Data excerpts
::::::::

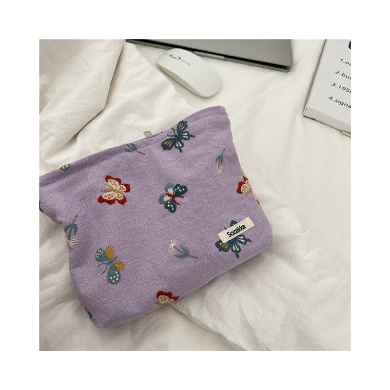 Butterfly Embroidery Cosmetic Bag Clutch Bag Large Makeup Organizer Bags Korean Cosmetic Pouch Women Cute Toiletry Beauty Case
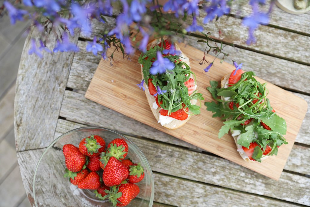 Een broodje (want dat is zo snel en makkelijk om te maken), belegd met aardbeien (want die zijn zo zoet en lekker verfrissend). Daar bovenop komt rucola met zijn eerder nootachtige smaak. De geitenkaas zorgt voor friste in het gerecht en houdt het verhaal spannend. Het geheel wordt afgekruid met fleur de sel omdat dat nog net wat verfijnder smaakt dan gewoon zout. En peper, want ja… daar breng je elk goed gerecht mee op smaak.
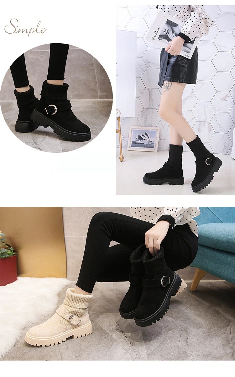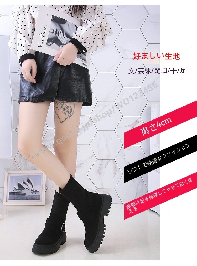 ソックスブーツ レディース ストレッチ 厚底 ショートブーツ 黒 ブーツ 歩きやすい ボア ショートローヒール きれいめ ソックスシューズ ワークブーツ 厚底 ソックス風 2wayニットブーツ バック
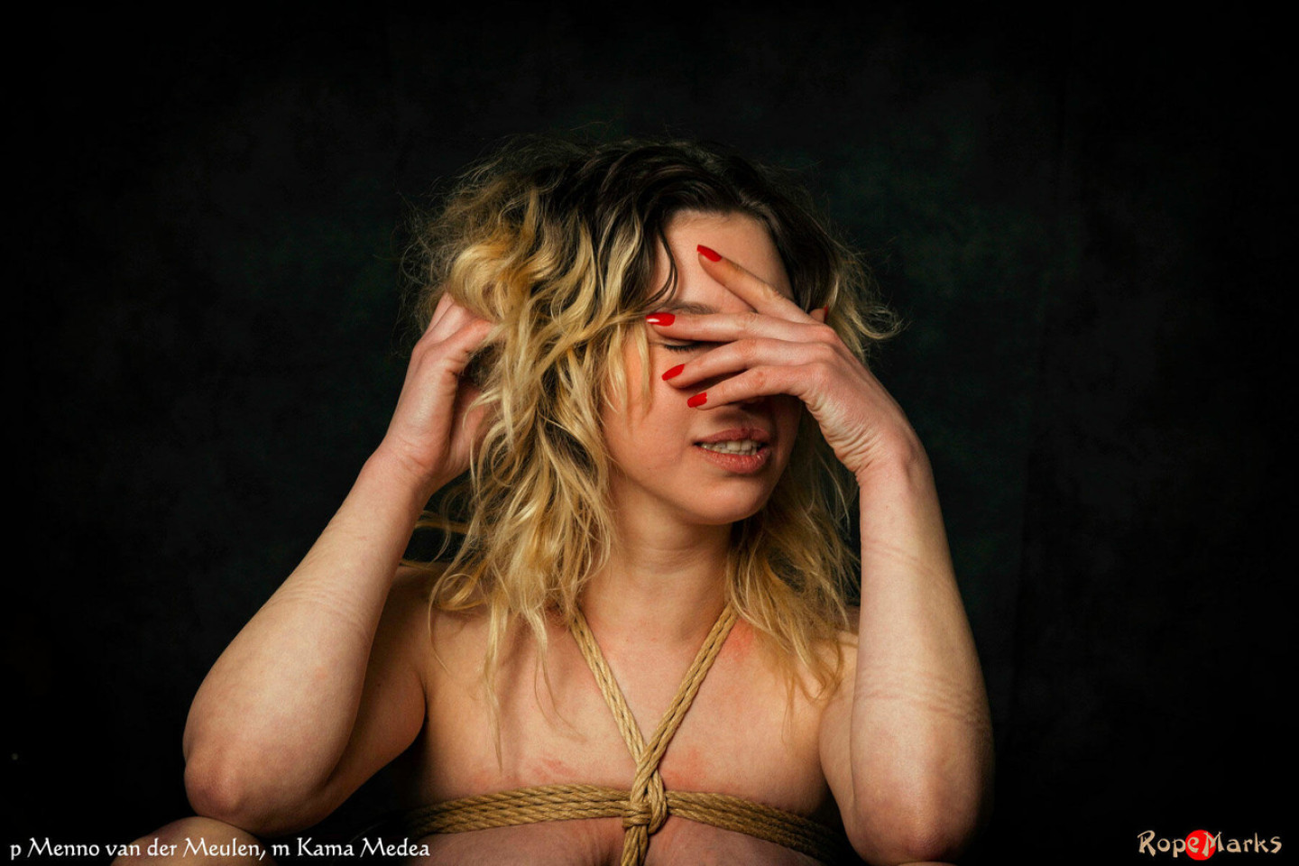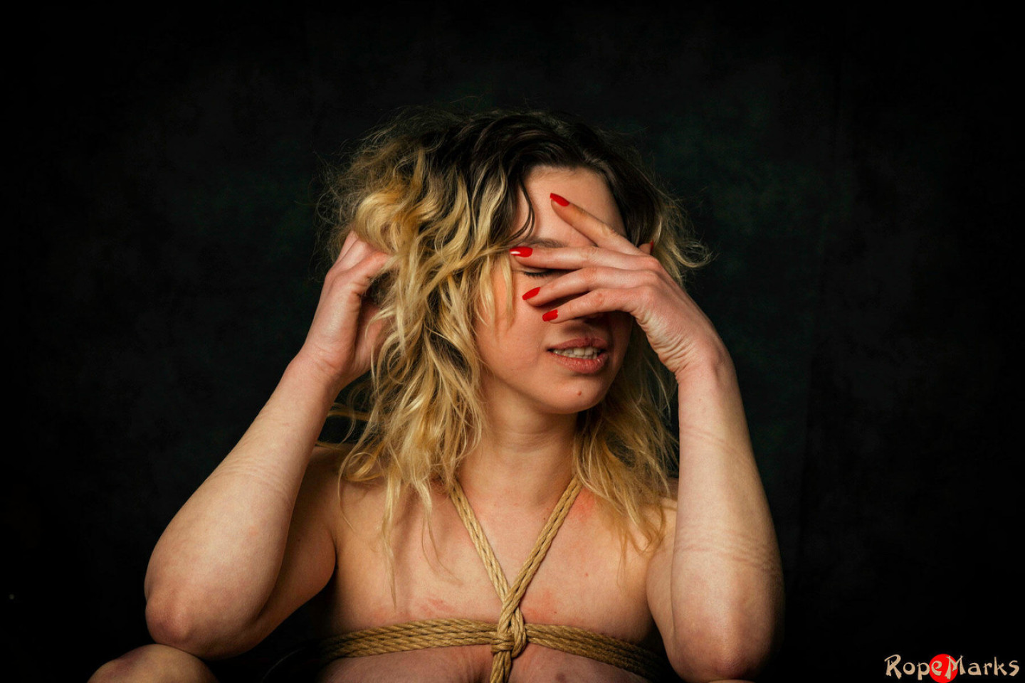Restrained blonde Kama Medea has clothespins attached to her pussy
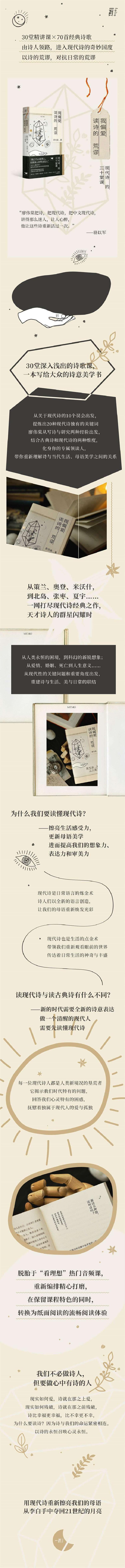 从关于现代诗的10个误会出发,提炼出20种现代诗独有的关键词,由浅入深,娓娓道来,具针对性、全面性、优美性地回答你对诗歌的所有疑问与困惑。

::::::::

- _PROBLEM_
Copy exactly, with no pictures, the lines from the line containing "ソックスブーツ レディース ストレッチ" through the last line of the records above.

- _OUTPUT FOR THIS EXERCISE_
 ソックスブーツ レディース ストレッチ 厚底 ショートブーツ 黒 ブーツ 歩きやすい ボア ショートローヒール きれいめ ソックスシューズ ワークブーツ 厚底 ソックス風 2wayニットブーツ バック
Restrained blonde Kama Medea has clothespins attached to her pussy
 从关于现代诗的10个误会出发,提炼出20种现代诗独有的关键词,由浅入深,娓娓道来,具针对性、全面性、优美性地回答你对诗歌的所有疑问与困惑。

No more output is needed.